While Danny and Kat tread the waters of an expected if unlikely burgeoning romance, Trevor aims to realise his dreams of building on the modest success of Power 4 Life, looking at new real estate, visualising his rose-tinted version of the future. Trevor could be that genuine, infuriating personality type; the abundantly happy and healthy individual, but Bujalski and Pearce start painting in uncertainties, suggesting a hive of self-doubt buzzing away just below the surface. When Kay pulls a sicky, Trevor brings her soup (knowingly recalling Nicolas Cage in the 1988 weirdo gem Vampire’s Kiss?). It’s just over the line of professional into the awkwardly desperate or obsessive. Just a shade, but telling nonetheless. When Trevor’s perceived territory is threatened by Danny, however, he flies off of the handle. That old cliché of the raging body builder? Or something more complex? Trevor’s more level-headed persistence suggests the latter.
When Danny intensifies his efforts to court Kat she grows not just uncomfortable but hostile (“go give it (your money) to Cancer Research then go get cancer, you rich fuck!”), having already compromised their professional relationship. Danny’s overtures to Kat feel immature, half-learned from Hollywood rom-coms and when Trevor talks about his feelings for her, Kat can’t help but snigger or smirk. Inevitably Danny and Kat are a smokescreen for the real focus; Kat and Trevor. With all this Bujalski feels as though he is picking at the rom-com’s tropes while pretending to bend to them. Needless to say Kat herself is no ditzy love interest in all this; she’s an angry, awkward firebrand who has a habit of taking weakness in others as evidence of a personal failure in herself; bolshy, flawed and aggravated at her own imperfections just like her male counterparts.
That other old stereotype the training montage is likewise subtly lambasted (“You’ve seen Rocky right? That’s half the battle”) as Bujalski indulges in all manner of jump cuts and wipes as he pushes the timeline on and massages the character dynamics into the film’s second phase. Mostly though he presents us a trio of individuals who are striving for self-improvement while constantly self-sabotaging. Underpinning this in fits and starts is a score of drums and haphazardly played electric guitar, echoing the awkwardness of the three leads as they inch themselves around one another.

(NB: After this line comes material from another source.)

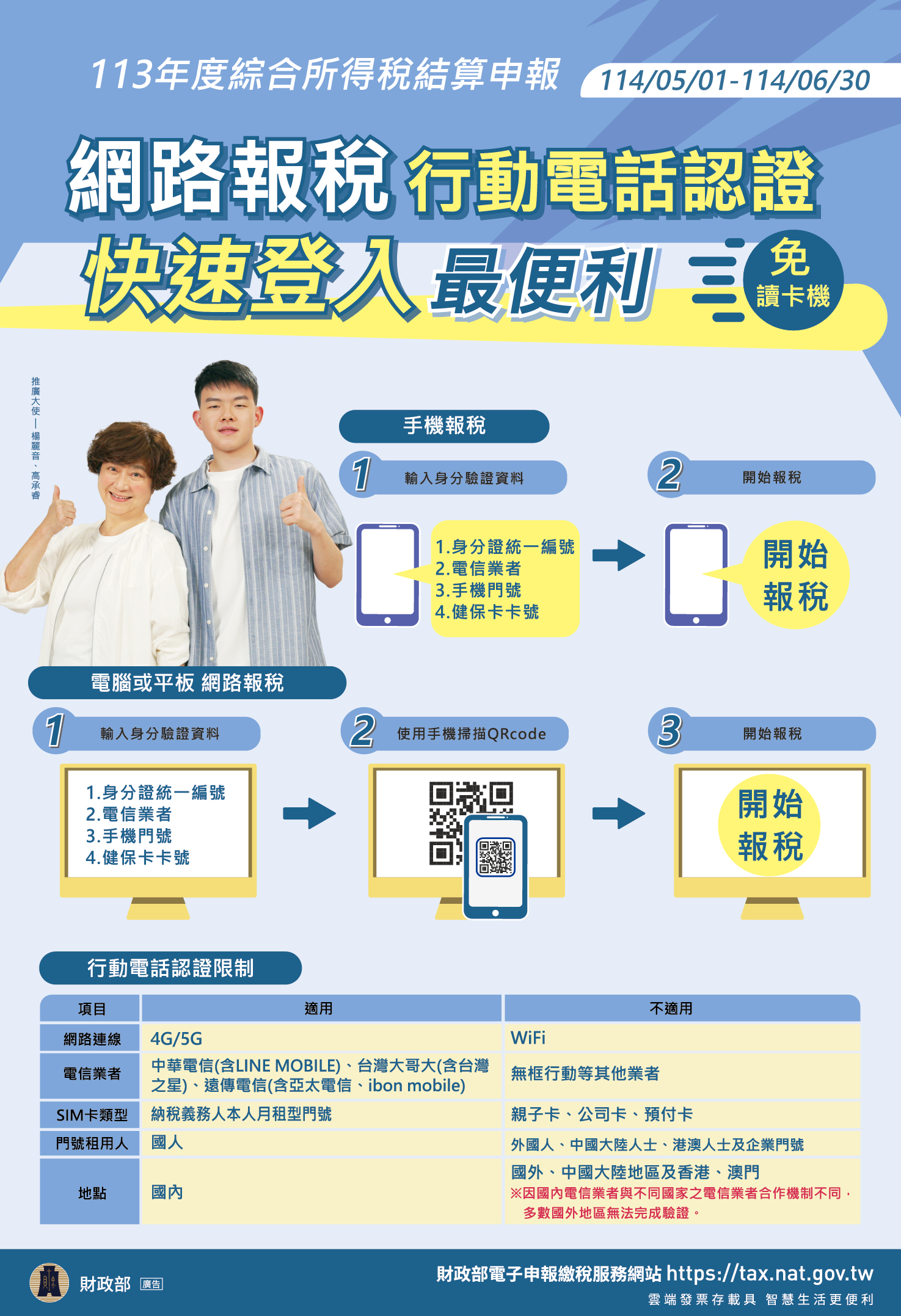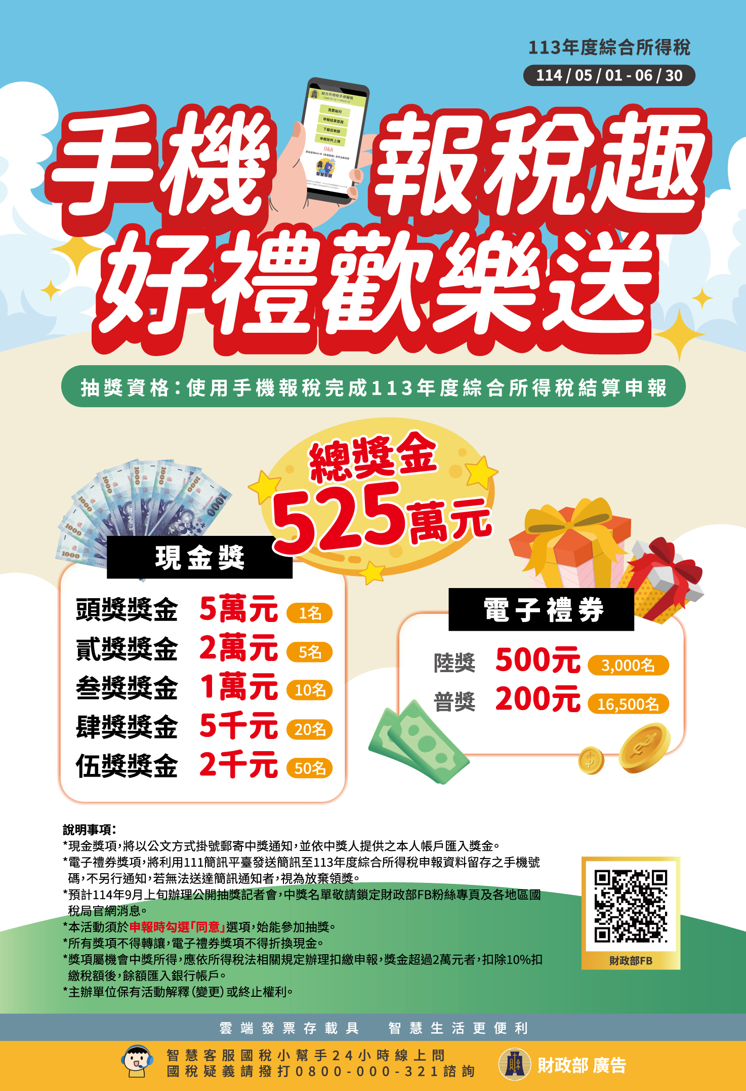 為使民眾順利完成113年度綜合所得稅申報,並鼓勵使用手機報稅參加財政部舉辦「手機報稅趣 好禮歡樂送」活動,

Results isn’t too clever for its own good, or at least it’s not too clever to remain openly enjoyable and frequently quite funny (at least in a wry, observational way). Yet while Bujalski ups the ante from the conventional rom-com, there’s a level of safety to this step that doesn’t feel as bold as Computer Chess. Of course, not every film in a director’s career has to be a brave or idiosyncratic leap, and Results does still represent something of a stylistic shift for Bujalski, but one can’t help but feel that in the grand scheme of things this one will be looked back on as a transitioning piece. One between others. Even at its end, Bujalski undercuts expectations by cutting from an expected emotional high to bored teens, restlessly changing channels. For a second I wondered if the whole movie had been something they couldn’t quite bring themselves to finish; a good film destined to pass most people by, which is something of a shame.
Meanwhile the sight of Anthony Michael Hall (The Breakfast Club) as a gristled, ageing Scandinavian body builder has made me feel as though my whole life has just blinked by.